* Task requirements *
Only one span is wanted from the lines below: from the one with "O boletim indica" up to and including the one with "Assembly gloves made". Copy it exactly, without images.

* Data for processing *
____

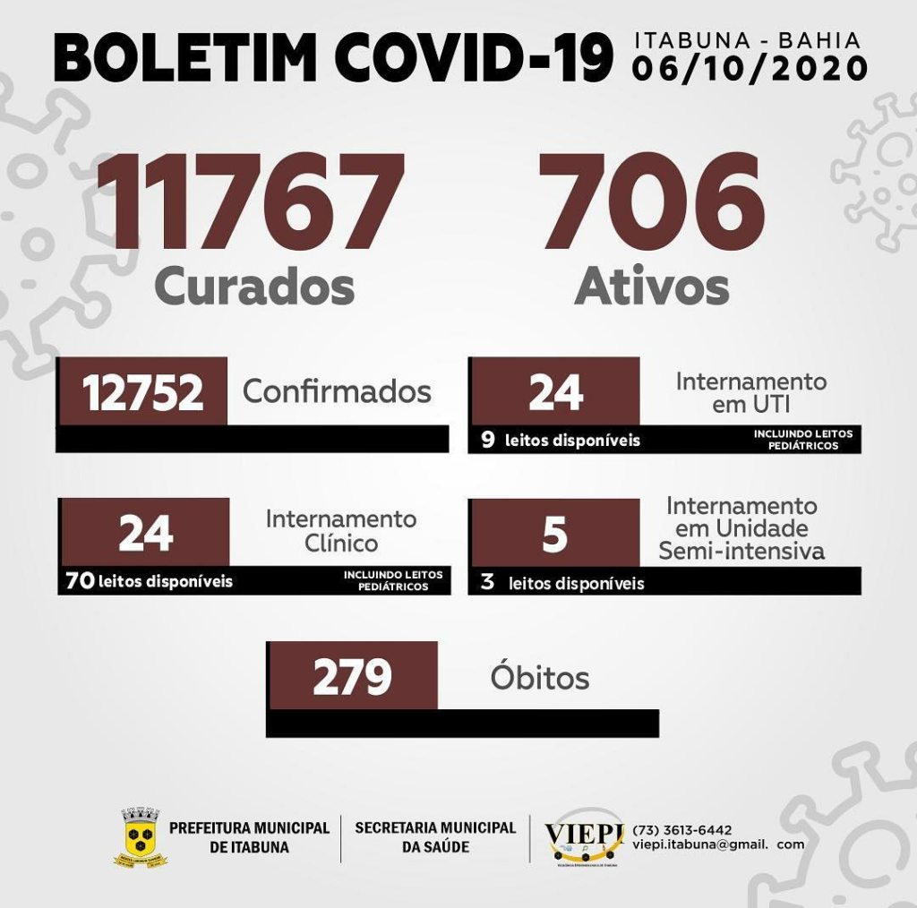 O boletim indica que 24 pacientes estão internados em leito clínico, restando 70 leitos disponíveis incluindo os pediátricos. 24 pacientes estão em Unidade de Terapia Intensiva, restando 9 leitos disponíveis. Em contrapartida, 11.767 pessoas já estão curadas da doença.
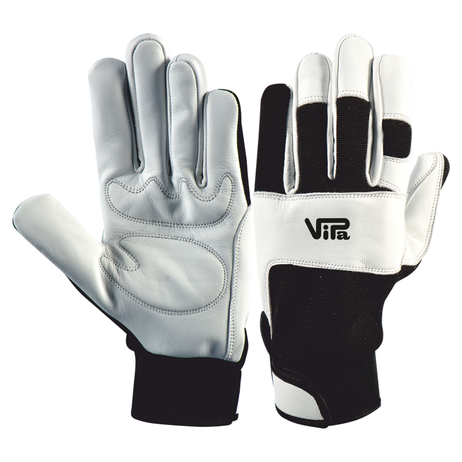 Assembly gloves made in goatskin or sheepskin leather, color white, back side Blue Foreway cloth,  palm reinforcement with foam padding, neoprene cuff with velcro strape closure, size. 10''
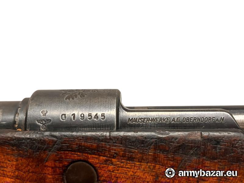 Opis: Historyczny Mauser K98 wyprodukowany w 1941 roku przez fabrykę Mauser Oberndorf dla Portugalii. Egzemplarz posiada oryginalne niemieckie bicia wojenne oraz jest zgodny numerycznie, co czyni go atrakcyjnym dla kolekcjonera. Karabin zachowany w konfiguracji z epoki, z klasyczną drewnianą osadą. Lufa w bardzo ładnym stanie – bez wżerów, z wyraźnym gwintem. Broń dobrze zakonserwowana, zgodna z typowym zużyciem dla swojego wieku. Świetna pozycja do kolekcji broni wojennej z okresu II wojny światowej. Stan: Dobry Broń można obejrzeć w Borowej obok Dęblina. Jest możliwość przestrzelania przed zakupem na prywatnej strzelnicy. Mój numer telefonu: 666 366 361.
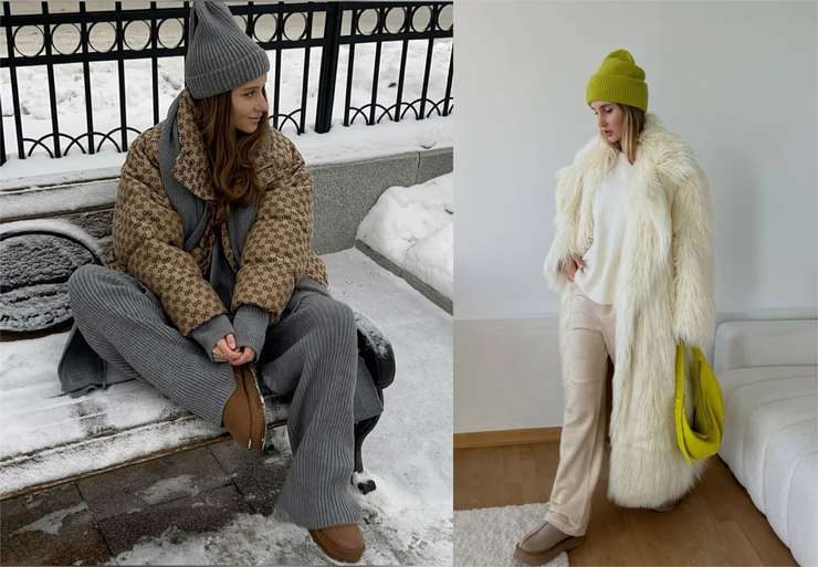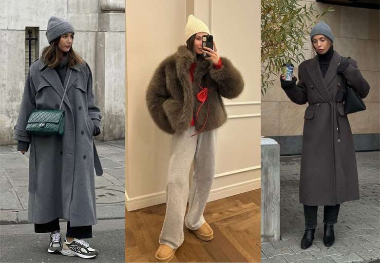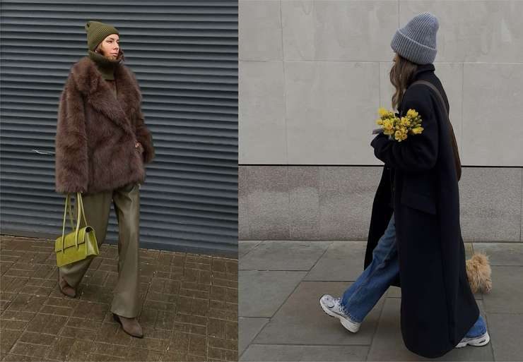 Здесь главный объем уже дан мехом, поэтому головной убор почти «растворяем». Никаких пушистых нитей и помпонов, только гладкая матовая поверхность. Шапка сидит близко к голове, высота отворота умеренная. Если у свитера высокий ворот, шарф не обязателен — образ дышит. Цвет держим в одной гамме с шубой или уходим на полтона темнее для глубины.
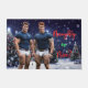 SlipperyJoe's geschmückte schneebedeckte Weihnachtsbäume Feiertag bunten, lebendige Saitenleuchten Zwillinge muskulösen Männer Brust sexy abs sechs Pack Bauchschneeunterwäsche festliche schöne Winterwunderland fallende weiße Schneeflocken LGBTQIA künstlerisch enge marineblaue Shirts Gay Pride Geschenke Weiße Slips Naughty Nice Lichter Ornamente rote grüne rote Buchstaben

____

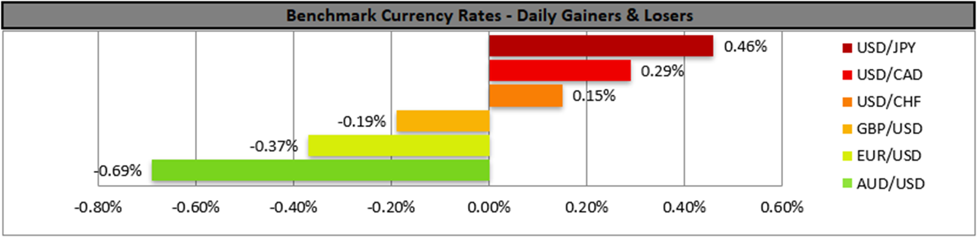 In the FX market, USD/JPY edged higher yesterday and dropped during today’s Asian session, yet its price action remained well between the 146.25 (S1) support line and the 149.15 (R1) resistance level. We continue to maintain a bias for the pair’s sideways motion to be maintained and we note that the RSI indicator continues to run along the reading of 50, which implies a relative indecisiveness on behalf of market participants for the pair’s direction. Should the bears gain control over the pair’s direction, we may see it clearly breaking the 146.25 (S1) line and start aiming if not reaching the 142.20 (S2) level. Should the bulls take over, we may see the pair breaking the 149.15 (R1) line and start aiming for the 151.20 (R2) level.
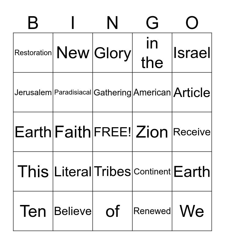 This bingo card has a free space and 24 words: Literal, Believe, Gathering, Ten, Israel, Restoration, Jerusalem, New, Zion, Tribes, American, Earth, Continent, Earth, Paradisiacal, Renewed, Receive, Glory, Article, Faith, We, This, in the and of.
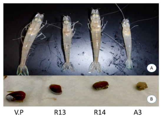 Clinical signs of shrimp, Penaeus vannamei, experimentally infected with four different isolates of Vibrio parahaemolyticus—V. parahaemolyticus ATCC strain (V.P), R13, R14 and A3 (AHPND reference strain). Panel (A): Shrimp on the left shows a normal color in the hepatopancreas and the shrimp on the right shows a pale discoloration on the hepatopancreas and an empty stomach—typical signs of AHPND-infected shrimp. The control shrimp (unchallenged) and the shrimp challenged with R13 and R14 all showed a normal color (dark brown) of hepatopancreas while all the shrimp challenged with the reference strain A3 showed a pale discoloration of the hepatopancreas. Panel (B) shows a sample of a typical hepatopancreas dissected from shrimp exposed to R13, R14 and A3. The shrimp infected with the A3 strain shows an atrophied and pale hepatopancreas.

____

* Exercise result *
 O boletim indica que 24 pacientes estão internados em leito clínico, restando 70 leitos disponíveis incluindo os pediátricos. 24 pacientes estão em Unidade de Terapia Intensiva, restando 9 leitos disponíveis. Em contrapartida, 11.767 pessoas já estão curadas da doença.
 Assembly gloves made in goatskin or sheepskin leather, color white, back side Blue Foreway cloth,  palm reinforcement with foam padding, neoprene cuff with velcro strape closure, size. 10''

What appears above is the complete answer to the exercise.